Directions for this task: Pictures excluded, copy every record that follows exactly as it appears.
===== Extracted entries
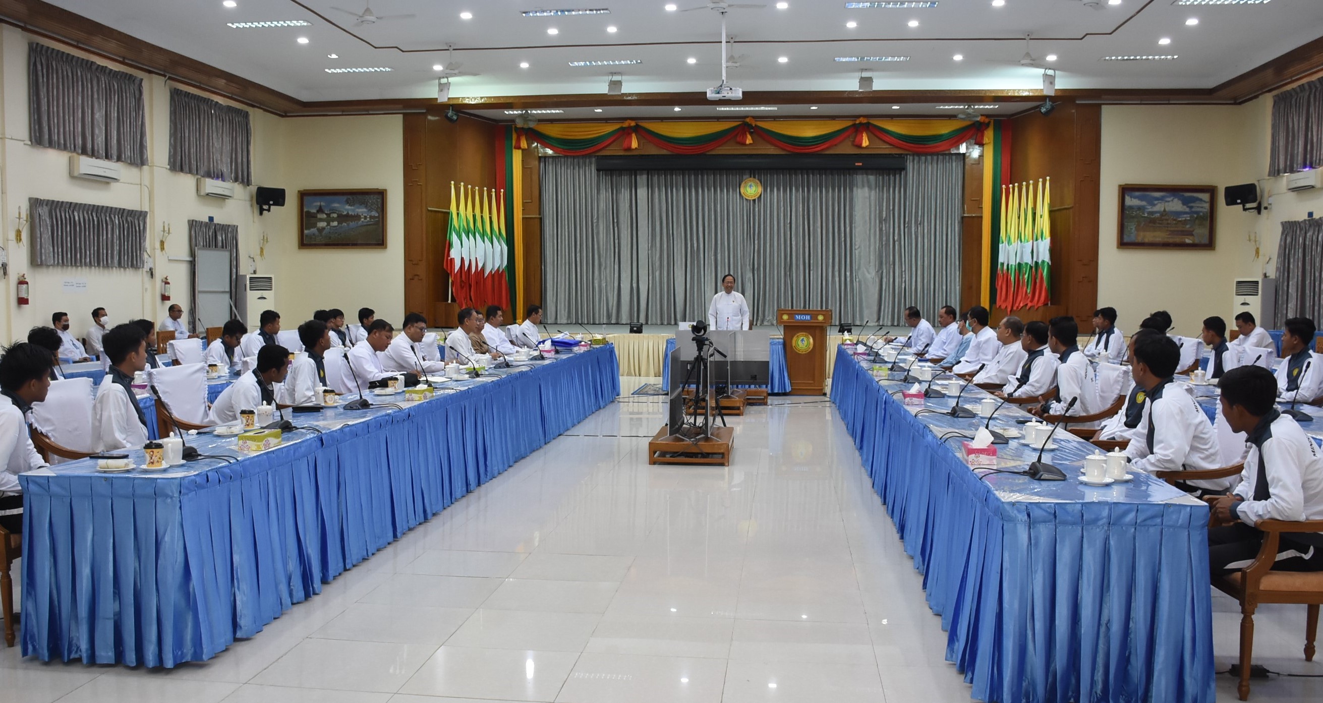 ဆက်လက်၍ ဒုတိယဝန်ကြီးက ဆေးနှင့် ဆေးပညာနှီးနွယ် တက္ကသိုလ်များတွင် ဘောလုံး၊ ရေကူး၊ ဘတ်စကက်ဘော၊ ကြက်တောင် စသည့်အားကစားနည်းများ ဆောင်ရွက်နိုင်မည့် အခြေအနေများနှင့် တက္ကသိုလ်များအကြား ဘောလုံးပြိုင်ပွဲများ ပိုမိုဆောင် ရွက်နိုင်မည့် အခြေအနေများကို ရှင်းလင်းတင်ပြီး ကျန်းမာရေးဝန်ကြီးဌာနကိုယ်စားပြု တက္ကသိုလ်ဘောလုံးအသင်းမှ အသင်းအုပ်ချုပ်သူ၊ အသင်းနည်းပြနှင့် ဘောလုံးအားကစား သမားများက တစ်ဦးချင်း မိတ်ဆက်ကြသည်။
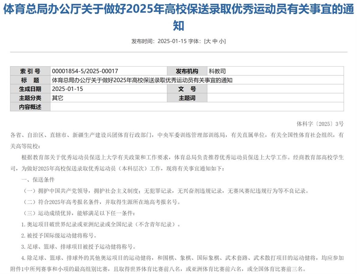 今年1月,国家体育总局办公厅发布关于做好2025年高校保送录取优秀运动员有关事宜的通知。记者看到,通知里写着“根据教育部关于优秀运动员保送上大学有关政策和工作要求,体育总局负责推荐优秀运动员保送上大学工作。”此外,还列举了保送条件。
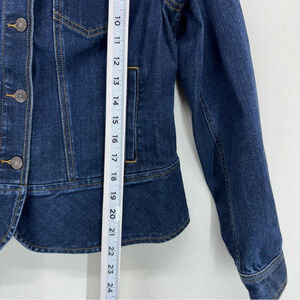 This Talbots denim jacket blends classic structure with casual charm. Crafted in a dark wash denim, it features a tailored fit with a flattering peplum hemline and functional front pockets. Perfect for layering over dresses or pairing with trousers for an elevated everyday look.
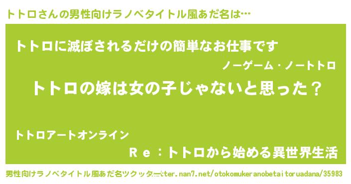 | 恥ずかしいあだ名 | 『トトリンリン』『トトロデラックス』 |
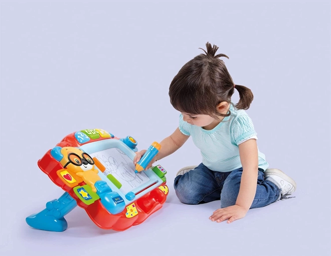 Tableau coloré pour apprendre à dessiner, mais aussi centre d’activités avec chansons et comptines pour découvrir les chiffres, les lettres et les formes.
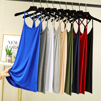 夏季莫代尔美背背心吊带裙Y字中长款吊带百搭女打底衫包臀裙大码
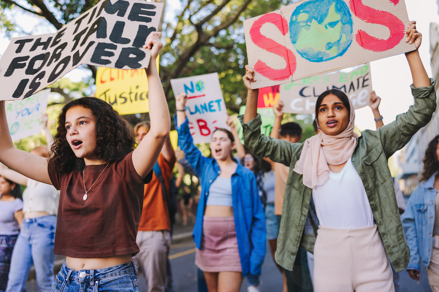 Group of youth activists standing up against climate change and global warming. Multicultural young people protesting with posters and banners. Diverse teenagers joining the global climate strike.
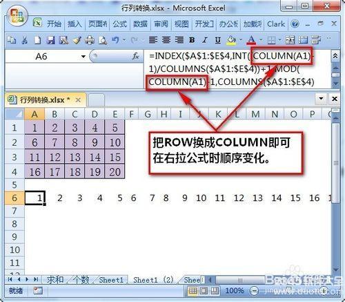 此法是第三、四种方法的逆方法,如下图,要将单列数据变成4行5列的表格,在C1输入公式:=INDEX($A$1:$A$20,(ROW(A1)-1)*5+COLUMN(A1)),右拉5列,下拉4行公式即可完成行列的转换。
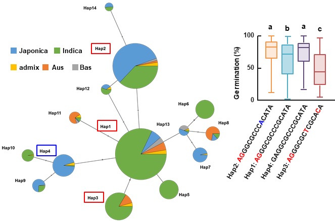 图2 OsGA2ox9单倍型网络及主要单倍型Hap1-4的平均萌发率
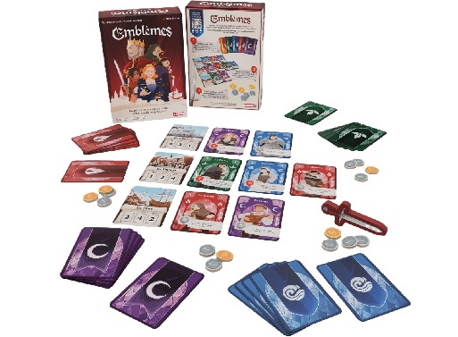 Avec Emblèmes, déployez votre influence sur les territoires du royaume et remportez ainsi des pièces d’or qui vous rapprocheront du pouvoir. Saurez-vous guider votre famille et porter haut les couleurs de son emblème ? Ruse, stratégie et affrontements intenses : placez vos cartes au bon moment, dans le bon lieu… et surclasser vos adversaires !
==========
Your response:
 ဆက်လက်၍ ဒုတိယဝန်ကြီးက ဆေးနှင့် ဆေးပညာနှီးနွယ် တက္ကသိုလ်များတွင် ဘောလုံး၊ ရေကူး၊ ဘတ်စကက်ဘော၊ ကြက်တောင် စသည့်အားကစားနည်းများ ဆောင်ရွက်နိုင်မည့် အခြေအနေများနှင့် တက္ကသိုလ်များအကြား ဘောလုံးပြိုင်ပွဲများ ပိုမိုဆောင် ရွက်နိုင်မည့် အခြေအနေများကို ရှင်းလင်းတင်ပြီး ကျန်းမာရေးဝန်ကြီးဌာနကိုယ်စားပြု တက္ကသိုလ်ဘောလုံးအသင်းမှ အသင်းအုပ်ချုပ်သူ၊ အသင်းနည်းပြနှင့် ဘောလုံးအားကစား သမားများက တစ်ဦးချင်း မိတ်ဆက်ကြသည်။
 今年1月,国家体育总局办公厅发布关于做好2025年高校保送录取优秀运动员有关事宜的通知。记者看到,通知里写着“根据教育部关于优秀运动员保送上大学有关政策和工作要求,体育总局负责推荐优秀运动员保送上大学工作。”此外,还列举了保送条件。
 This Talbots denim jacket blends classic structure with casual charm. Crafted in a dark wash denim, it features a tailored fit with a flattering peplum hemline and functional front pockets. Perfect for layering over dresses or pairing with trousers for an elevated everyday look.
 | 恥ずかしいあだ名 | 『トトリンリン』『トトロデラックス』 |
 Tableau coloré pour apprendre à dessiner, mais aussi centre d’activités avec chansons et comptines pour découvrir les chiffres, les lettres et les formes.
 夏季莫代尔美背背心吊带裙Y字中长款吊带百搭女打底衫包臀裙大码
 Group of youth activists standing up against climate change and global warming. Multicultural young people protesting with posters and banners. Diverse teenagers joining the global climate strike.
 此法是第三、四种方法的逆方法,如下图,要将单列数据变成4行5列的表格,在C1输入公式:=INDEX($A$1:$A$20,(ROW(A1)-1)*5+COLUMN(A1)),右拉5列,下拉4行公式即可完成行列的转换。
 图2 OsGA2ox9单倍型网络及主要单倍型Hap1-4的平均萌发率
 Avec Emblèmes, déployez votre influence sur les territoires du royaume et remportez ainsi des pièces d’or qui vous rapprocheront du pouvoir. Saurez-vous guider votre famille et porter haut les couleurs de son emblème ? Ruse, stratégie et affrontements intenses : placez vos cartes au bon moment, dans le bon lieu… et surclasser vos adversaires !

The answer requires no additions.